Help needed in Kandyohi, Meeker, Wright, McLeod, Carver, Sibley, Nicollet, Le Sueur, and Scott counties. Lots of work was just dumped on us, literally. PM for more details.


----------



## Reliable Snow and Ice (Dec 22, 2009)

you guys got that much up there huh..... too bad i'm in chi town


----------



## erkoehler (Sep 25, 2008)

I'm 6 hours away, what's it worth for me to drive up? 

630-533-2760


----------



## toast (Nov 18, 2007)

Not going to be worth your time. We have all but about 120 accounts covered..


----------



## Reliable Snow and Ice (Dec 22, 2009)

erkoehler;1114454 said:


> I'm 6 hours away, what's it worth for me to drive up?
> 
> 630-533-2760


well if you go i'll go with ya..... let me know i'd like to know money


----------



## erkoehler (Sep 25, 2008)

toast;1114456 said:


> Not going to be worth your time. We have all but about 120 accounts covered..
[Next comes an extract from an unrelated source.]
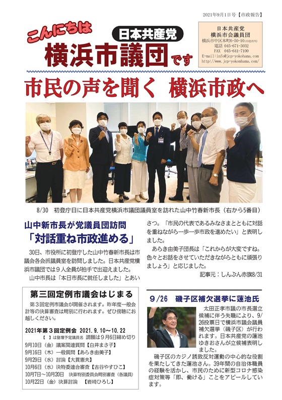 市民の声を聞く 横浜市政へ 2021.9.1号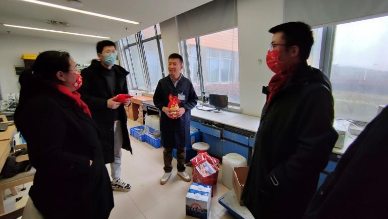 党委书记杨晓杰、院长许维、党委副书记梁春江以及学生工作办公室老师一同走访实验室及学生宿舍,看望并慰问了其他留校学生,通过亲切深入的互动交流,老师们全面了解学生寒假期间留校的原因,询问了近期的学习、生活、科研情况与生活需求,表示学院为留校学子开通科研测试绿色通道。同时叮嘱同学们寒假期间要注意劳逸结合,保重身体,遇到困难及时与学院的老师们联系,学院会尽全力帮助同学们解决。最后学院老师为每位同学送上了丰厚的新春大礼包及俏皮可爱的兔年公仔,与同学们一起用活泼萌趣的兔年窗花装点宿舍,为大家送上了新春祝福,令留校学子感受到“材料大家庭”的温暖。

120 accounts not covered? How big are they?


----------



## toast (Nov 18, 2007)

Whats left are foreclosure's we just picked up. I haven't seen any of them myself.


----------



## erkoehler (Sep 25, 2008)

Driveways?


----------



## Reliable Snow and Ice (Dec 22, 2009)

erkoehler;1114471 said:


> Driveways?


I'll bet yes


----------



## erkoehler (Sep 25, 2008)

Sent a PM.


----------



## AiRhed (Dec 27, 2007)

toast whats up! It's AiRhed from MN-Jeep. Didn't know you were on here.

I'm located In St Cloud. Anything in or near Wright county etc would be a possibility for me.


----------



## toast (Nov 18, 2007)

Thanks for the interest everyone, we got them all covered.


----------